* Description of the task: Look below for the line holding "Se min halvdana" and the line holding "Using Special Service". Transcribe exactly those lines and all lines between them, nothing more.

* Listed entries:
######
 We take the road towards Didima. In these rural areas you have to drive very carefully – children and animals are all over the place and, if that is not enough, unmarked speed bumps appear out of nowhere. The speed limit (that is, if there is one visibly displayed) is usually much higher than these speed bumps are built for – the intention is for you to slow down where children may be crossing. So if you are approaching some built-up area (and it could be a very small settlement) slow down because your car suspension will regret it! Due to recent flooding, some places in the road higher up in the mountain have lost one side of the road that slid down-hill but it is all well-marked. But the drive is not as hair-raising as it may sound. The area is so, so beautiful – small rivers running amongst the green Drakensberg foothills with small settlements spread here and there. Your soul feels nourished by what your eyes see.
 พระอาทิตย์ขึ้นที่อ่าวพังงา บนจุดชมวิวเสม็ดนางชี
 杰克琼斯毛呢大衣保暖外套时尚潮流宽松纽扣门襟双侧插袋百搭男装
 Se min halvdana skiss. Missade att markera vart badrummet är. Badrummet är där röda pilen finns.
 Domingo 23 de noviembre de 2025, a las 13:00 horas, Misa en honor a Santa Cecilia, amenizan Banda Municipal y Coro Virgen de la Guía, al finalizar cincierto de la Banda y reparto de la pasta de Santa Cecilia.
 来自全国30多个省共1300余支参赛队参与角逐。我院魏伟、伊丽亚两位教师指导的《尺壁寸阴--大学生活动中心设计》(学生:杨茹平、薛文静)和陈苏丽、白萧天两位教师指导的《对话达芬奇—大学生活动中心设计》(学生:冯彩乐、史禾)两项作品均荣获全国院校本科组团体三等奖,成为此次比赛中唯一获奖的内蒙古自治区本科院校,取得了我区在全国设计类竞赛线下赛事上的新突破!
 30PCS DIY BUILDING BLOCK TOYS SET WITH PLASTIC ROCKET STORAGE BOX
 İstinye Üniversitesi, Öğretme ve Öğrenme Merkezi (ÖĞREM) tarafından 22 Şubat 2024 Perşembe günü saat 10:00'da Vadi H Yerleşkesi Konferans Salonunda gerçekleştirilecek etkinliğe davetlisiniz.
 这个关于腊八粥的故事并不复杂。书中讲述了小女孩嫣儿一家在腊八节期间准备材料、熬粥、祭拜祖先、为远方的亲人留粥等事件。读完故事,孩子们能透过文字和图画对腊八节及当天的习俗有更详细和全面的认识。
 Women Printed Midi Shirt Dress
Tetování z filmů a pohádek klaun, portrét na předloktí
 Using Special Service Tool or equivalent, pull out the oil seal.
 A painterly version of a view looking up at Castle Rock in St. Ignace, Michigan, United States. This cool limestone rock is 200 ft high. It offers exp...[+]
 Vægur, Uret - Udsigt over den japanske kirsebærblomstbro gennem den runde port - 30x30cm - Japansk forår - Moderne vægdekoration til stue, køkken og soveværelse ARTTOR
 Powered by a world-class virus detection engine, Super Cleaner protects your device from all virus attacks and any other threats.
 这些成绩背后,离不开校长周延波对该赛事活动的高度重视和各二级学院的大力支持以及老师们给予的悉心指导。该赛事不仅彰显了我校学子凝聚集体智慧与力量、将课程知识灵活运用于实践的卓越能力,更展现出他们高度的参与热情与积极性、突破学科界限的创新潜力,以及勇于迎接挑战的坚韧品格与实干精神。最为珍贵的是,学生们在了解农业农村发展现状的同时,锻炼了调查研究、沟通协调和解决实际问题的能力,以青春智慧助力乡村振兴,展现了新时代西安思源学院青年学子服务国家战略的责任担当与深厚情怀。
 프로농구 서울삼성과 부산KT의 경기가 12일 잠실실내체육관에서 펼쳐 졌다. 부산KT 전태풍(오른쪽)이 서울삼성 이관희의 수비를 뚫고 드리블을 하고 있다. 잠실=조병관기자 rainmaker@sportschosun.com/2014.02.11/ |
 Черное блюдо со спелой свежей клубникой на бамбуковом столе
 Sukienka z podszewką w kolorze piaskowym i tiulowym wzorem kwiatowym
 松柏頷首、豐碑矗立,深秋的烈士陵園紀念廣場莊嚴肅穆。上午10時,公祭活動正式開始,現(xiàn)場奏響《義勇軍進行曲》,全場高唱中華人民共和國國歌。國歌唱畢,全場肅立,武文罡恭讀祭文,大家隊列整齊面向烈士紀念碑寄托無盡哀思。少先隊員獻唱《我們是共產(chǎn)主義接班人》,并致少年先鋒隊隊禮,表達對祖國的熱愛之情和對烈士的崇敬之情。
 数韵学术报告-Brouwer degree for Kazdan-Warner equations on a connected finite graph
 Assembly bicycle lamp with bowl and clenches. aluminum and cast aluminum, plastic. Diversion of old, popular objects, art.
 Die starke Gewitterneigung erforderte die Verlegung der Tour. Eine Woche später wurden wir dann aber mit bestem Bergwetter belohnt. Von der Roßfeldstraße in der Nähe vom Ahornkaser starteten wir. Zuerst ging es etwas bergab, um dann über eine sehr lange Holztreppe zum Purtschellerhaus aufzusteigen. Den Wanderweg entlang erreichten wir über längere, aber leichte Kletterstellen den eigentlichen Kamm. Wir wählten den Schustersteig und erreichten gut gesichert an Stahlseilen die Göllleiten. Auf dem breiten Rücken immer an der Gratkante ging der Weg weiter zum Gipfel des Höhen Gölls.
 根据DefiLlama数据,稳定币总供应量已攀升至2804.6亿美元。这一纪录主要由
######
* Task result:
 Se min halvdana skiss. Missade att markera vart badrummet är. Badrummet är där röda pilen finns.
 Domingo 23 de noviembre de 2025, a las 13:00 horas, Misa en honor a Santa Cecilia, amenizan Banda Municipal y Coro Virgen de la Guía, al finalizar cincierto de la Banda y reparto de la pasta de Santa Cecilia.
 来自全国30多个省共1300余支参赛队参与角逐。我院魏伟、伊丽亚两位教师指导的《尺壁寸阴--大学生活动中心设计》(学生:杨茹平、薛文静)和陈苏丽、白萧天两位教师指导的《对话达芬奇—大学生活动中心设计》(学生:冯彩乐、史禾)两项作品均荣获全国院校本科组团体三等奖,成为此次比赛中唯一获奖的内蒙古自治区本科院校,取得了我区在全国设计类竞赛线下赛事上的新突破!
 30PCS DIY BUILDING BLOCK TOYS SET WITH PLASTIC ROCKET STORAGE BOX
 İstinye Üniversitesi, Öğretme ve Öğrenme Merkezi (ÖĞREM) tarafından 22 Şubat 2024 Perşembe günü saat 10:00'da Vadi H Yerleşkesi Konferans Salonunda gerçekleştirilecek etkinliğe davetlisiniz.
 这个关于腊八粥的故事并不复杂。书中讲述了小女孩嫣儿一家在腊八节期间准备材料、熬粥、祭拜祖先、为远方的亲人留粥等事件。读完故事,孩子们能透过文字和图画对腊八节及当天的习俗有更详细和全面的认识。
 Women Printed Midi Shirt Dress
Tetování z filmů a pohádek klaun, portrét na předloktí
 Using Special Service Tool or equivalent, pull out the oil seal.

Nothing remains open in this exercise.